Wrapper class for the TaskEntry django class so that object-oriented methods can be defined for TaskEntry blocks (e.g., for analysis methods for a particular experiment) without needing to modfiy the database model.
Methods
Generic trial-level data analysis function
| Parameters: | filt: callable; call signature: trial_filter_fn(trial_msgs) :
proc: callable; call signature: trial_proc_fn(task_entry, trial_msgs) :
cond: callable; call signature: trial_condition_fn(task_entry, trial_msgs) :
comb: callable; call signature: data_comb_fn(list) :
kwargs: optional keyword arguments :
|
|---|---|
| Returns: | result: list :
|
Note that dbfunctions.TaskEntry does not inherit from db.tracker.models.TaskEntry because inhertinging from Django models is a little more involved than inheriting from a normal python class. Instead, dbfunctions.TaskEntry is a wrapper for db.tracker.models.TaskEntry.

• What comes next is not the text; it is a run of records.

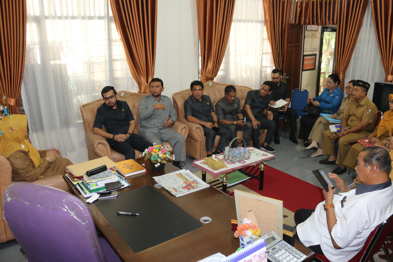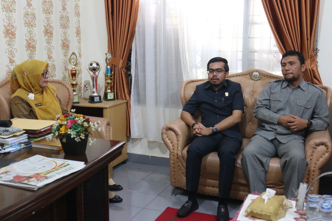 Kepala SMPN 10 Pekanbaru, Raja Izda Chairani beserta majelis guru menerima kunjungan anggota Komisi III DPRD Pekanbaru, serta Wakil Ketua Ginda Burnama di ruang kerjanya, Senin (3/2/2020).
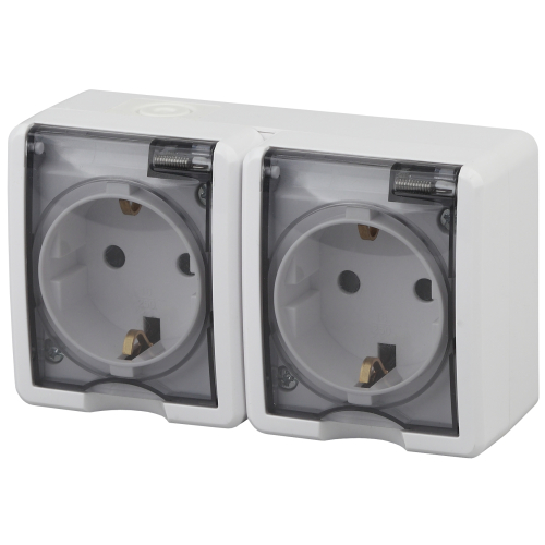 Розетка двойная IP54 серии Эра Эксперт открытой установки цвет белый 11-2403-01. Номинальные характеристики 16А 250В. Устройство выполнено из качественного поликарбоната, оснащёно уникальными винтовыми клеммами ЭКСПЕРТ для максимально качественного зажима кабеля в механизме.
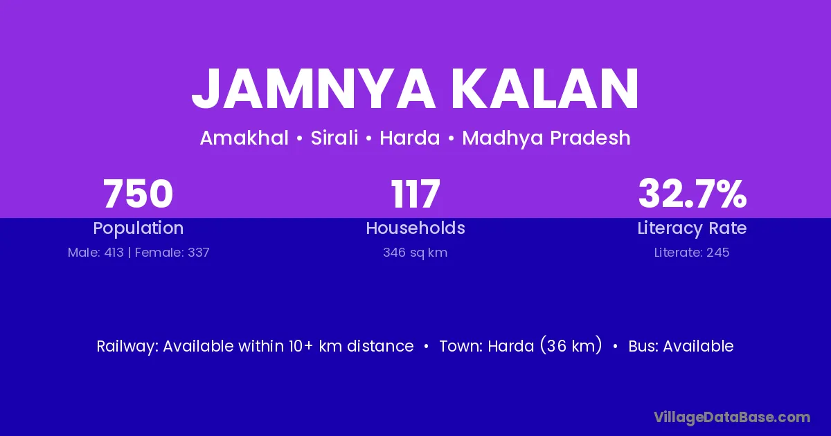Harda (36 km) is the nearest town to Jamnya Kalan village for major economic activities and is located approximately 36 km away.
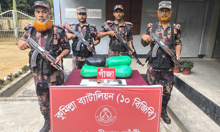 CUMILLA, Nov 3, 2025 (BSS) - Border Guard Bangladesh (BGB) in a drive recovered two foreign made pistols, two magazines, two bullets and 12 kg of marijuana from Dhanpur Math area in Sadar Dakshin upazila early this morning.
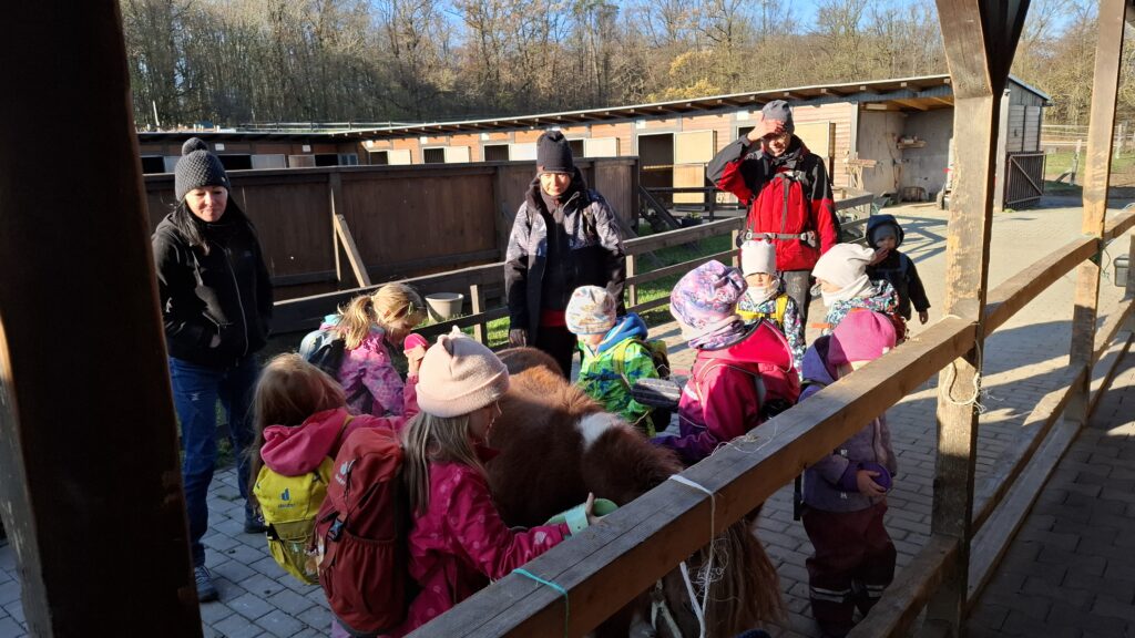 Na svatého Martina jsem se připravili i na pátečním výletě. Začali jsem ho společně návštěvou stájí Estavela. Bylo moc hezké nahlédnout do koňských pokojíčků, zjistit, kolik sena takový kůň sežere za jeden den, seznámit se s poníkem Barunkou, která se trpělivě nechala hřebelcovat skoro od všech našich dětí, bylo moc pěkné nakouknout pod ruku lidí “od koní”, poznat tu každodenní lopotu, ale i krásu.
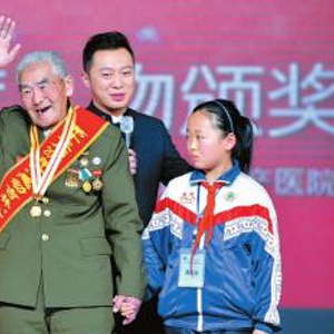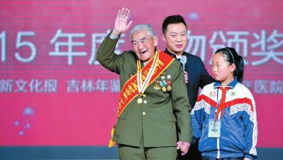 如果说“感动吉林”人物中也有明星,那么非90岁抗战老兵史保东莫属。2月27日上午,一对90后来到颁奖典礼的休息区,女孩径直走到史保东的身边,请求与老人合影。“老人家是我心目中是真正的英雄,他在我心中是最帅的。”女孩说。
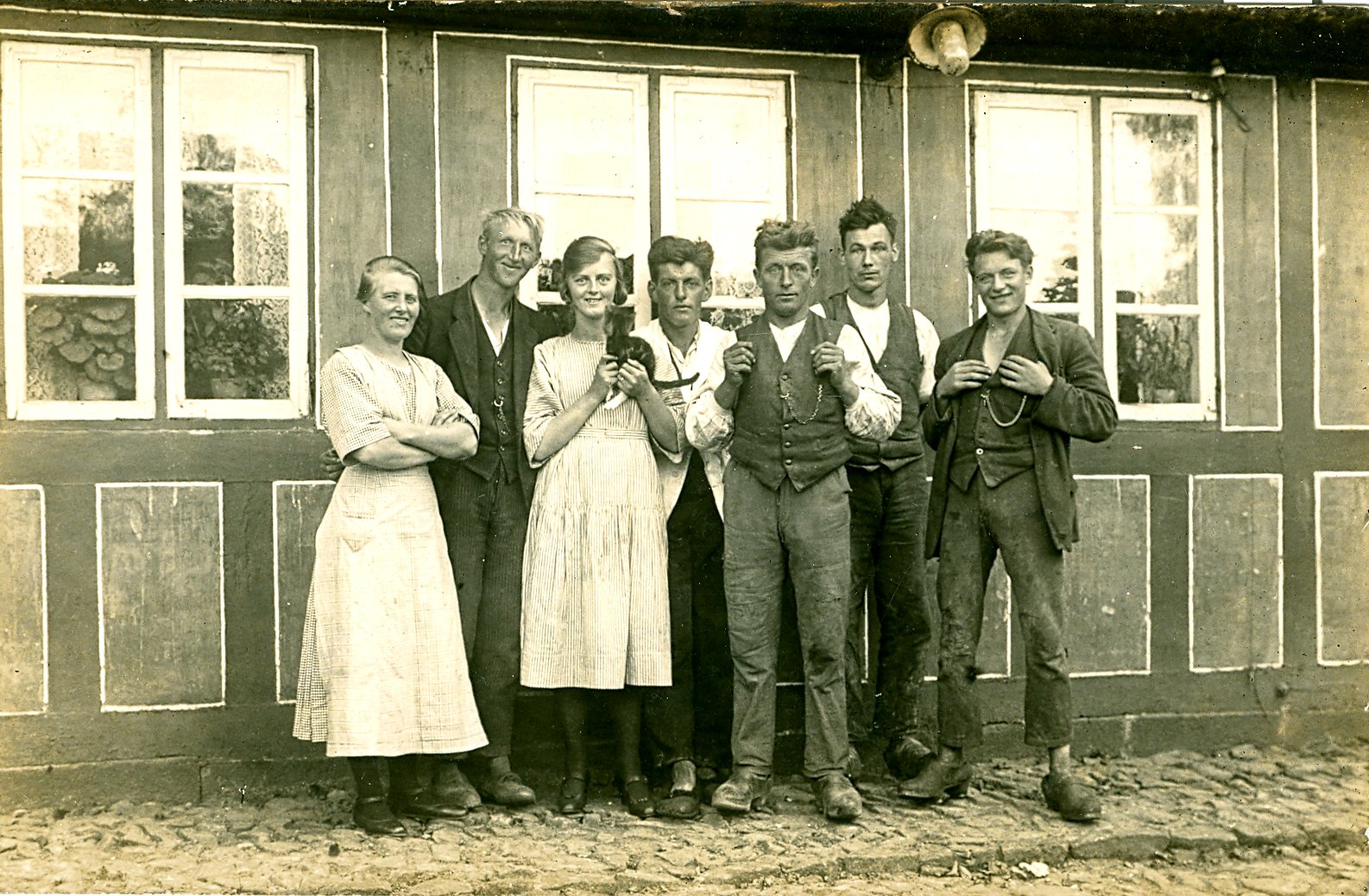 | 'Søndag 26-4-81. Hermed 1 billede af Holger Kristensen kaldet Klosterholger. Du ved nok selv hvor gammel han er. [Dette billede kan ikke ses] Og saa har jeg et Billede fra Thestrupgaardens Ungdom. Jeg synes det er saa godt, at det burde bevares i Arkivet. Det er sjældent at se saa mange (ugift) Medhjælpere paa en Gaard. Fra venstre: Ane Johansen, fra Kattrup. Jens Nielsen, Gerda ?, Ejner Enggaard fra Thestrup, var Forkarl, Otto Rasmussen (Sjellender), var anden Karl, Otto Rasmussen, (Molbo) var Svinerøjter, Gustav ?, Sønderjyde, var Fodermester. Jeg prøver at fordele de gamle Billeder; for den Dag jeg ikke er mere, er der ingen der kender dem. Med Hilsen Anne' | |
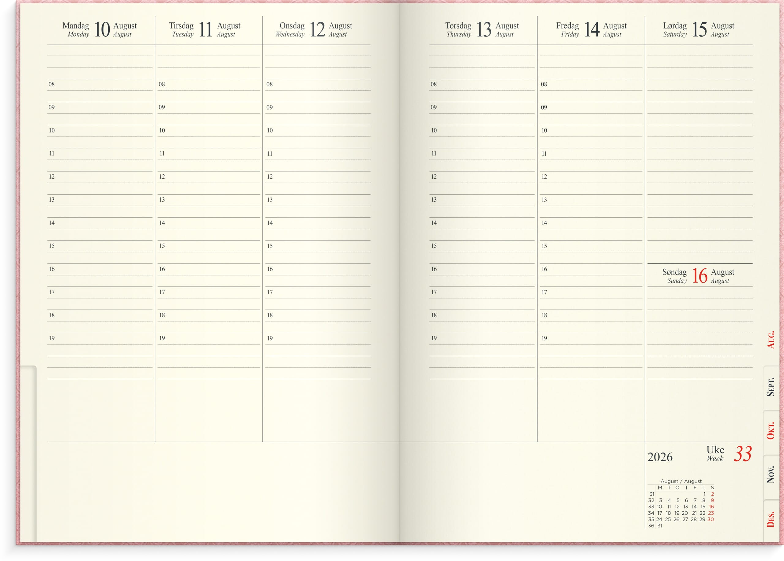 Planlegg med presisjon og eleganse med GRIEG Sjefskalender A5. Kalenderen kombinerer funksjon og finesse med eksklusivt kremfarget papir, utstanset månedsregister og omslag i imitert skinn. Den praktiske A5-størrelsen gir deg oversikt uten å ta for mye plass, perfekt både på kontorpulten og i vesken. Med både norsk og engelsk kalendarium og lesebånd er dette et gjennomført valg for profesjonelle. Inneholder også kalendariske opplysninger, telefonguide, månedsoversikt, årsoversikt, månefaser, helligdager og kongelige fødselsdager. - Funksjonell innbundet sjefskalender for året 2026 - Følger kalenderåret - Omslag i imitert skinn - Lesebånd og kremfarget papir - Stående uke/oppslag. Timeinndeling 8-19 mandag til fredag - Månedsplaner og årsoversikt for inneværende og kommende år - Månefaser, helligdager og kongelige fødselsdager - Hjørneperforering - Antall sider: 136 - Papirvekt: 120g - Format: 151x210mm - Farge: Rosa
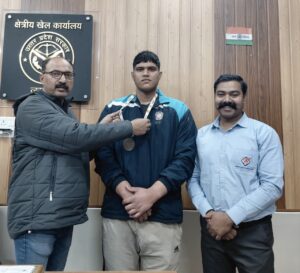 लखनऊ। केडी सिंह बाबू स्टेडियम के वेट लिफ्टिंग प्रशिक्षु व सीनियर खिलाड़ी इकबाल चन्द्र को बुधवार को क्षेत्रीय क्रीड़ा अधिकारी (आरएसओ) लखनऊ ने अपने कार्यालय में सम्मनित पदक पहनाकर व नगद पुरस्कार से सम्मानित किया। इस मौके पर इकबाल चन्द्र के कोच व उपक्रीड़ा अधिकारी अरबिन्द कुशवाहा मौजूद रहे।
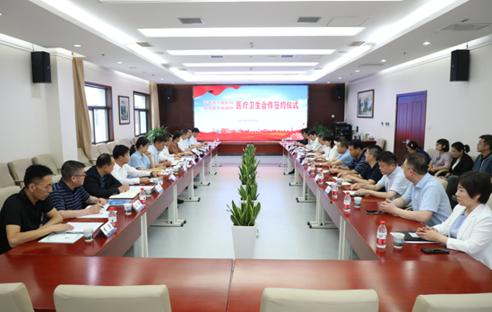 基本概况及“一院两区”建设情况,从优质资源下沉、医疗资源共享、双向转诊等方面介绍帮扶举措。随后,院长宋张骏与丹凤县县长吴春亮签订医疗卫生合作协议书。
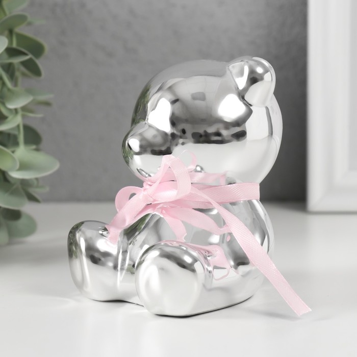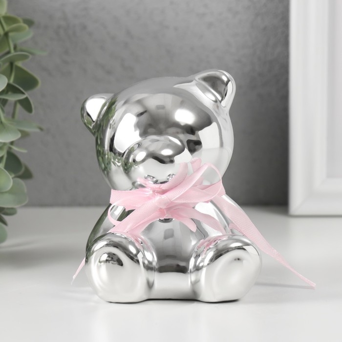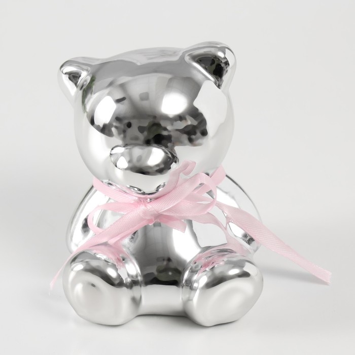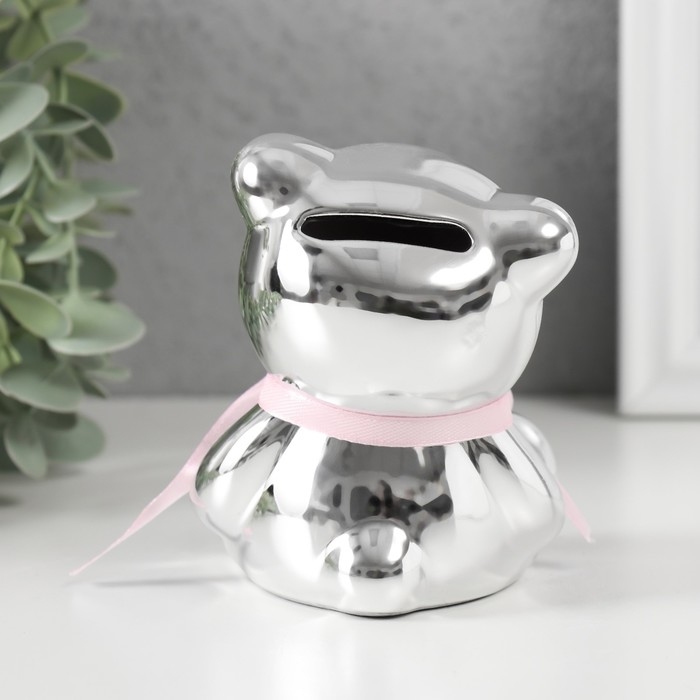 Копилка керамика "Мишутка с бантиком" серебро 9х8х9,8 см
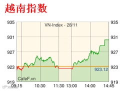 11月28日越南股市开盘横盘波动,随后上涨但涨幅较窄。下午市场放量上涨并保持到尾盘。
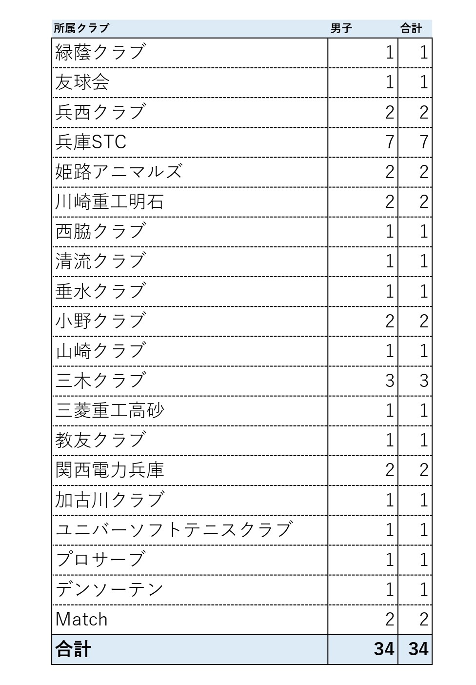 【団体別エントリー一覧】兵庫県シングルス選手権大会

Instantiating a dbfunctions.TaskEntry object with a database ID number creates an object with basic attributes, e.g., names of linked HDF/plexon files. However, we will often want to perform analyses that are only meaningful for the particular task of a block. For this, we create task-specific child classes, one for each task. These are declared in the semi-misnamed analysis.performance module.
To get one of these task-specific TaskEntry classes, you can do
from bmi3d import analysis
te = analysis.get(id)